#### [Problem description]
Take the lines below beginning at the line that has "石子中含有黏土、淤泥、有机物" and stopping after the line that has "Keep your career", and print them exactly as they are, with no other lines.

#### [The records]
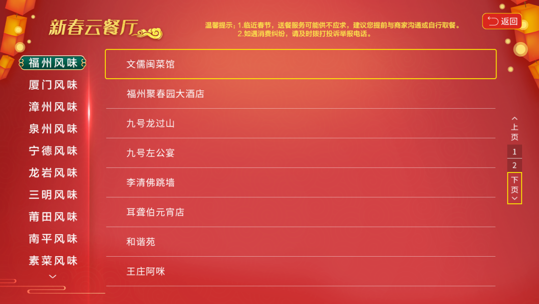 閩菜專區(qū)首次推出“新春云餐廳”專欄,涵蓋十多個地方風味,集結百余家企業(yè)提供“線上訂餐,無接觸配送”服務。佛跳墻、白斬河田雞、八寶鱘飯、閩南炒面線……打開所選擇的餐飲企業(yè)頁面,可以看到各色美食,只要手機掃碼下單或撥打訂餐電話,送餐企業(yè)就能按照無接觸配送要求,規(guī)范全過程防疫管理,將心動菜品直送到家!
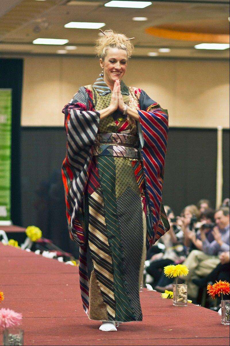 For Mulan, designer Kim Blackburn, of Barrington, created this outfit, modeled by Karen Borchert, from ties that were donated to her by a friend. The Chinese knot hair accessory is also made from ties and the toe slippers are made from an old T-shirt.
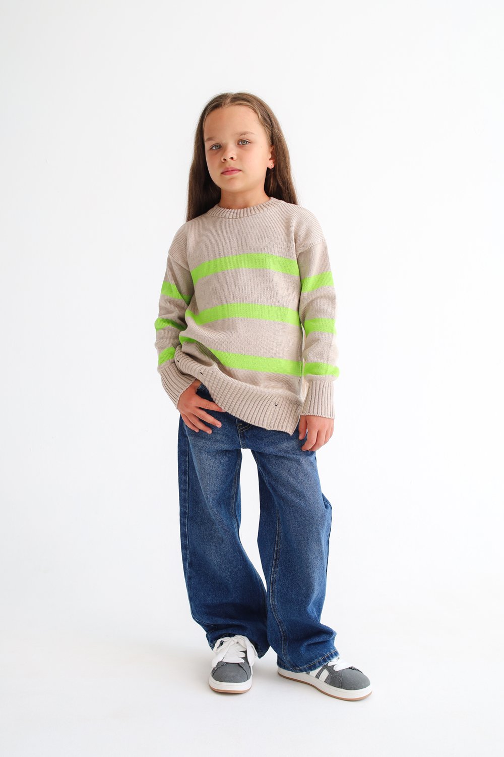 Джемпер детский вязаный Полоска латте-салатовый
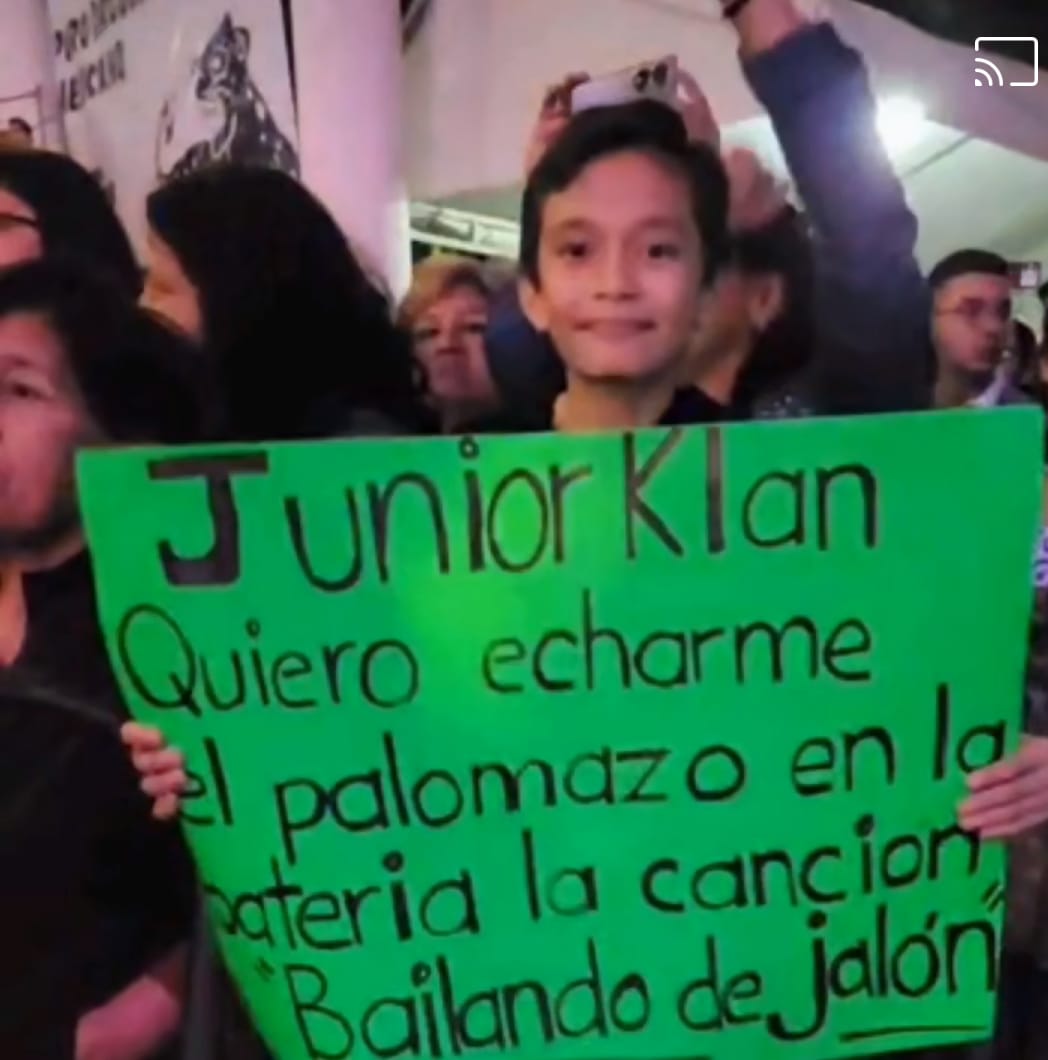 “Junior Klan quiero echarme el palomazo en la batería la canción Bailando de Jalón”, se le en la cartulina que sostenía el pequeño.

==

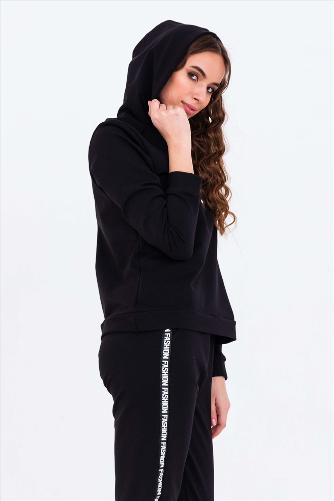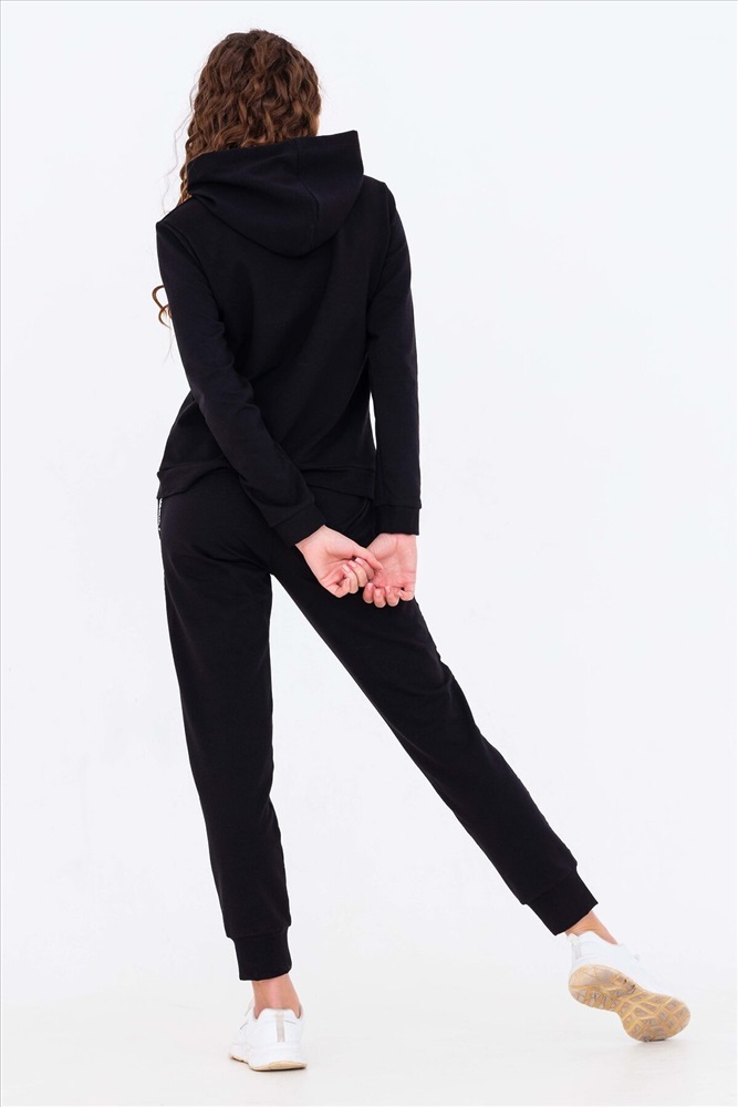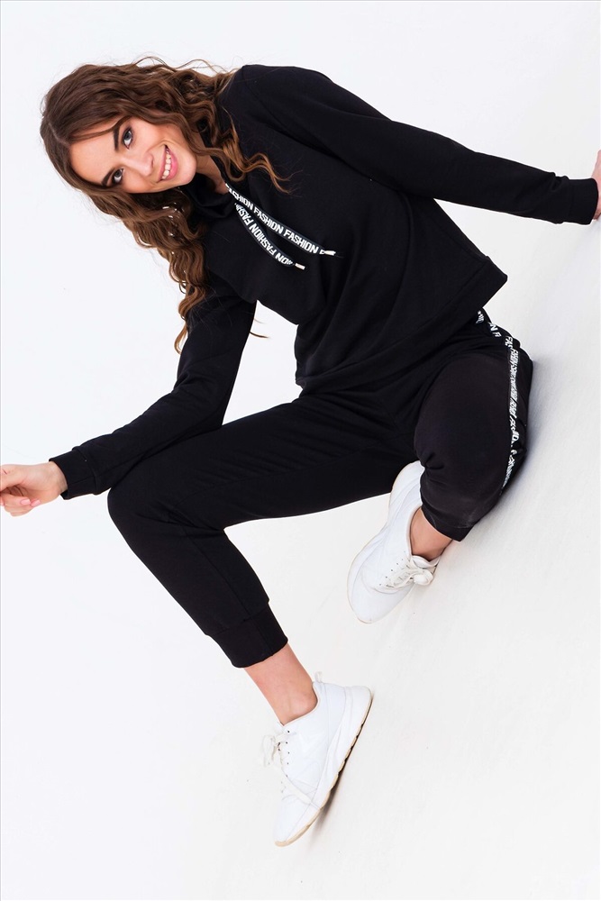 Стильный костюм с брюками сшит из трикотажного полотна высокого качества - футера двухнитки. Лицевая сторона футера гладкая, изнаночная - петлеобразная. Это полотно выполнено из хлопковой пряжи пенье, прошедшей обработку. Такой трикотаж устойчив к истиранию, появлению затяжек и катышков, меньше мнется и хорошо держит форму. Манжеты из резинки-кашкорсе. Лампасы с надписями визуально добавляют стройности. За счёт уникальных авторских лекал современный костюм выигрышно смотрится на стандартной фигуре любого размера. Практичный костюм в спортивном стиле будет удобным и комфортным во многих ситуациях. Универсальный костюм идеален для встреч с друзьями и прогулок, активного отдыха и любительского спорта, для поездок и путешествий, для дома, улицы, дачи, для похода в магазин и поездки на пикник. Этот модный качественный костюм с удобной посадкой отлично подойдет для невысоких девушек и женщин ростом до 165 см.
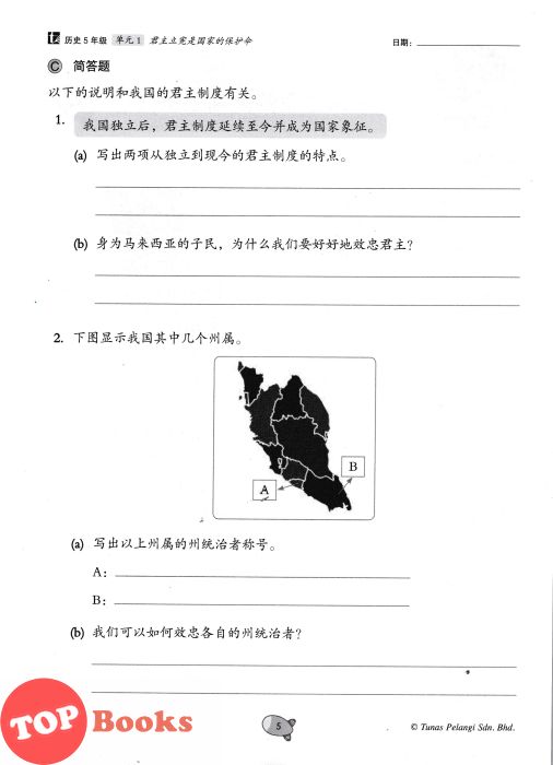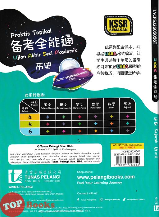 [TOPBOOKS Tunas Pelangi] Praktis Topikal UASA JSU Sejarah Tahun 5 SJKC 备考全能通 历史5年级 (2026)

* * *

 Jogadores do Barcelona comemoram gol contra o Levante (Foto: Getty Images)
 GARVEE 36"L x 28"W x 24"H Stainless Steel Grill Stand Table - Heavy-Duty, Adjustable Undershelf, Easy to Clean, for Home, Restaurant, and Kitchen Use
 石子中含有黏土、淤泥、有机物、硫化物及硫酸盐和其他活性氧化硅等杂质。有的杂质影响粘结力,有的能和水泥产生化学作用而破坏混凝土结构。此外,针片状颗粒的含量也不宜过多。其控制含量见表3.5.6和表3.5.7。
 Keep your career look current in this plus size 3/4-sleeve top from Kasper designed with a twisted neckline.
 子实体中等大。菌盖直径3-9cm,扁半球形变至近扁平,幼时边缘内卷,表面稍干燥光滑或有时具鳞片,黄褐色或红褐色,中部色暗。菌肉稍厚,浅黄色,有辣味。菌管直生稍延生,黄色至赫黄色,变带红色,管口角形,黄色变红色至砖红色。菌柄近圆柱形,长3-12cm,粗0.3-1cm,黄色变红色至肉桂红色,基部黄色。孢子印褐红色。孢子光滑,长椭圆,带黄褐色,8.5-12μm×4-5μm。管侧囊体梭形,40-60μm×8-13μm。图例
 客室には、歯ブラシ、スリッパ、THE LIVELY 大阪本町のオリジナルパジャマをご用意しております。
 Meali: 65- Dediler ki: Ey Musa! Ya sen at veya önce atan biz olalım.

#### [The completed task]
 石子中含有黏土、淤泥、有机物、硫化物及硫酸盐和其他活性氧化硅等杂质。有的杂质影响粘结力,有的能和水泥产生化学作用而破坏混凝土结构。此外,针片状颗粒的含量也不宜过多。其控制含量见表3.5.6和表3.5.7。
 Keep your career look current in this plus size 3/4-sleeve top from Kasper designed with a twisted neckline.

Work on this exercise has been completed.